Just what kind of season has 2005 been? Well, all of the impressive financial gains will likely be cancelled out as a result of losses posted in the wake of Hurricanes Katrina, Rita, and Wilma. At this point, Katrina itself is on track to double the $15-billion insurable damage losses inflicted by its deadliest rival, Hurricane Andrew.

Ratings agencies predict stable financial outlooks for many insurance companies in the face of such huge losses; at the same time, they have placed a fair number of reinsurers on CreditWatch with negative implications. It is safe to say the industry’s financial situation is listing somewhat, despite all reassuring public statements to the contrary. Perhaps Aon Re president and CEO Gregory Case best characterized the mood when he was recently asked at Aon Re’s 2005 Rendezvous in Toronto what the industry would do in the event of yet another natural disaster during this year’s hurricane season. Using understated humor to make his point, Case said only that it would be “not good” for the industry to see another devastating Category 3 or 4 storm this season. Enter Hurricane Wilma, a Category 3 storm now buffeting the Florida Keys, causing AIR Worldwide modeling to predict damages between $6 billion and $9 billion as of press time.

So how is it that ratings agencies expect the industry to weather the storms without much difficulty? Simple. They note the industry is reaping the benefits of a hard market during the early 2000s, during which time underwriting was disciplined and pricing was high, as Moody’s put it in a recent outlook. One industry news agency quoted a senior Fitch executive as saying he believed the industry could make up for the loss of capital as a result of Katrina over the next 12 to 18 months.

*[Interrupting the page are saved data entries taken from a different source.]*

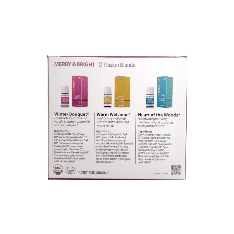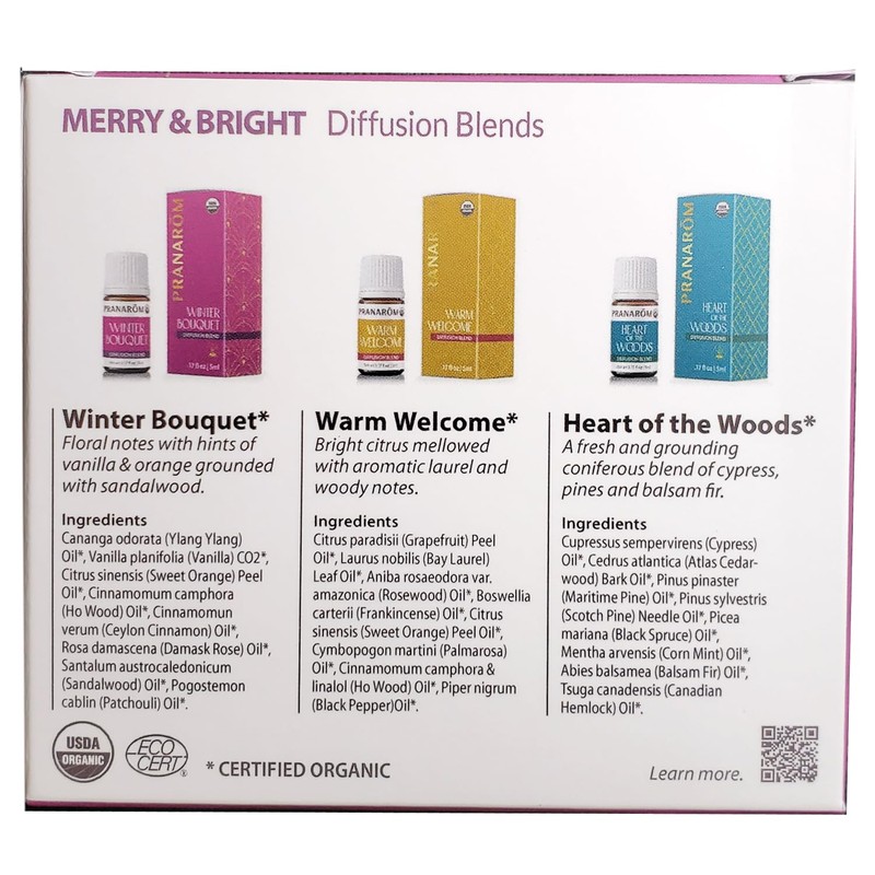 Pranarom Merry & Bright Diffusion Blend, Gift set, 3 x 0.17 Fluid Ounce
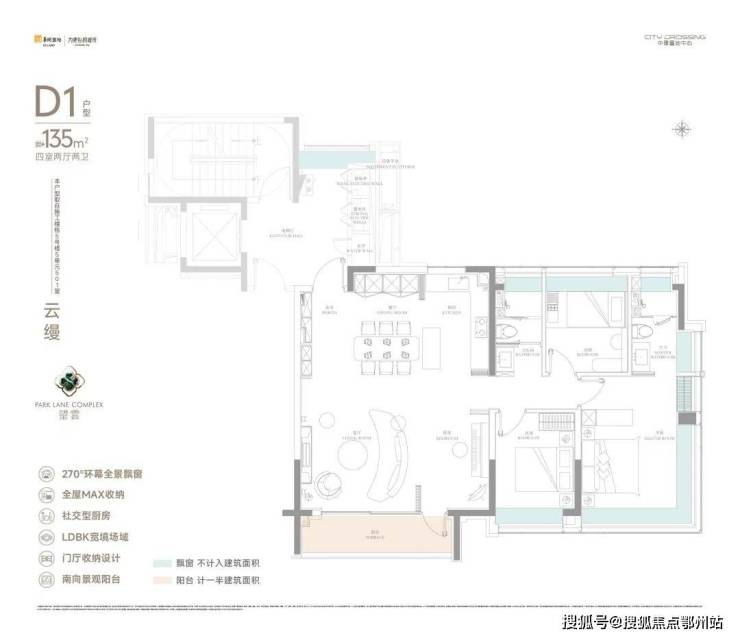 值得一提的是,建面约135㎡户型的实际使用率相当可观,据相关机构测算使用率高达约91%!
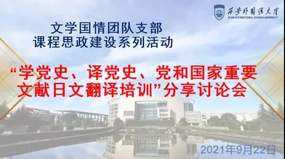 2021年 8 月 21 日人民中国杂志社以腾讯会议直播的方式主办“党和国家重要文献日文翻译”培训活动,日文学院文学国情团队支部派出吴少华、段笑晔、高扬、刘天羽四位同志参加了此次培训。9月22日中午,文学国情团队支部在E306“党员之家”召开培训内容分享讨论会,支部全体成员参加会议,由支部书记吴少华主持。
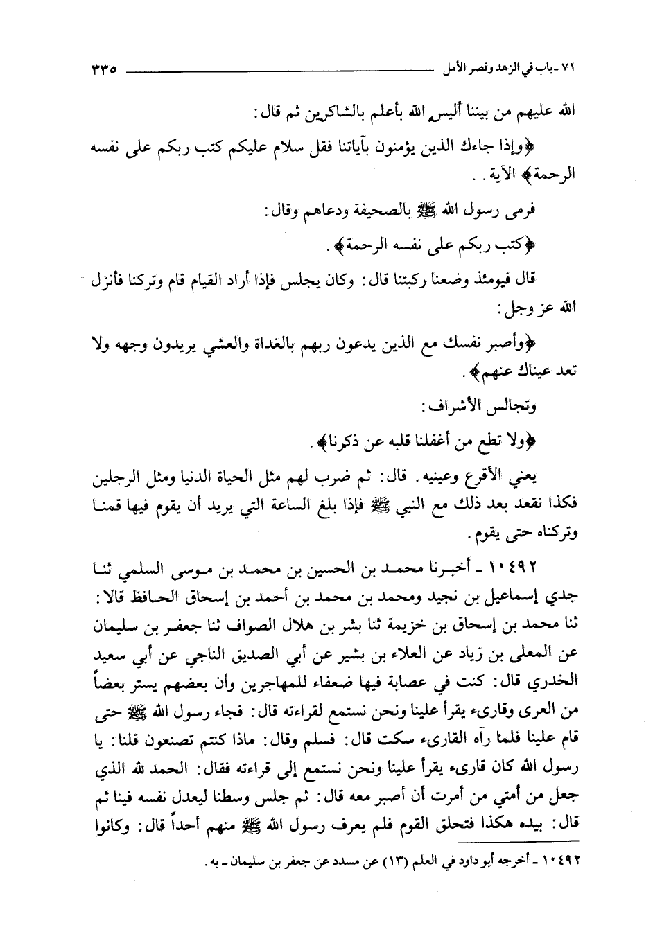 10492 - أخبرنا محمد بن الحسين بن محمد بن موسى السلمي ثنا جدي إسماعيل بن نجيد و محمد بن محمد بن أحمد بن إسحاق الحافظ قالا : ثنا محمد بن إسحاق بن خزيمة ثنا بشر بن هلال الصواف ثنا جعفر بن سليمان عن المعلى بن زياد عن العلاء بن بشير عن أبي الصديق الناجي عن أبي سعيد الخدري قال : كنت في عصابة فيها ضعفاء للمهاجرين و أن بعضهم يستر بعضا من العرى و قارىء يقرأ علينا و نحن نستمع لقراءته قال : فجاء رسول الله صلى الله عليه و سلم حتى قام علينا فلما رآه القارىء سكت قال : فسلم و قال : ماذا كنتم تصنعون قلنا : يا رسول الله كان قارىء يقرأ علينا و نحن نستمع إلى قراءته فقال : الحمد لله الذي جعل من أمتي من أمرت أن أصبر معه قال : ثم جلس وسطنا ليعدل نفسه فينا ثم قال : بيده هكذا فتحلق القوم فلم يعرف رسول الله صلى الله عليه و سلم منهم أحدا قال : و كانوا ضعفاء المهاجرين فقال النبي صلى الله عليه و سلم : أبشروا صعاليك المهاجرين بالفوز التام يوم القيامة تدخلون الجنة قبل أغنياء المؤمنين بنصف يوم مقداره خمسمائة عام

In the short term, ratings agencies and other industry analysts expect reinsurers to “re-capitalize” – a fancy way of saying reinsurers will look for ways to make up for the money lost as a result of paying out hurricane-related damage claims.

The prevailing wisdom among ratings agencies is that many reinsurers – particularly U.S. reinsurers that were hardest hit by the storms – will hike their pricing and explore exemptions for certain classes of coverage. Such moves – which sound very much like the recipe for a hard market — will broadly affect the North American market, because insurers hit with higher reinsurance rates will likely respond with pricing increases and tighter coverage of their own, according to Celent, a Boston-based financial services research firm.

Hard markets are good, let’s keep them going forever, ratings agencies say. That is why, despite signs of a predicted hard market, ratings agencies such as Moody’s, A.M. Best, Fitch and Standard & Poor’s are all sounding alarm bells. “Despite the solid results posted for the first six months of 2005, A.M. Best Co. is concerned with the reduction of year-over-year premium rate increases that persisted for consecutive reporting periods since 2003 and gave way to premium decreases across most lines of business and sizes of accounts in 2005,” the company recently reported. Standard & Poor’s expressed similar pessimism, saying current soft-market practices would ultimately betray the burgeoning hard market.

So what will be the enduring impact of the hurricanes: A hard or soft market? The prize money for answering the question correctly is increasing by the hurricane.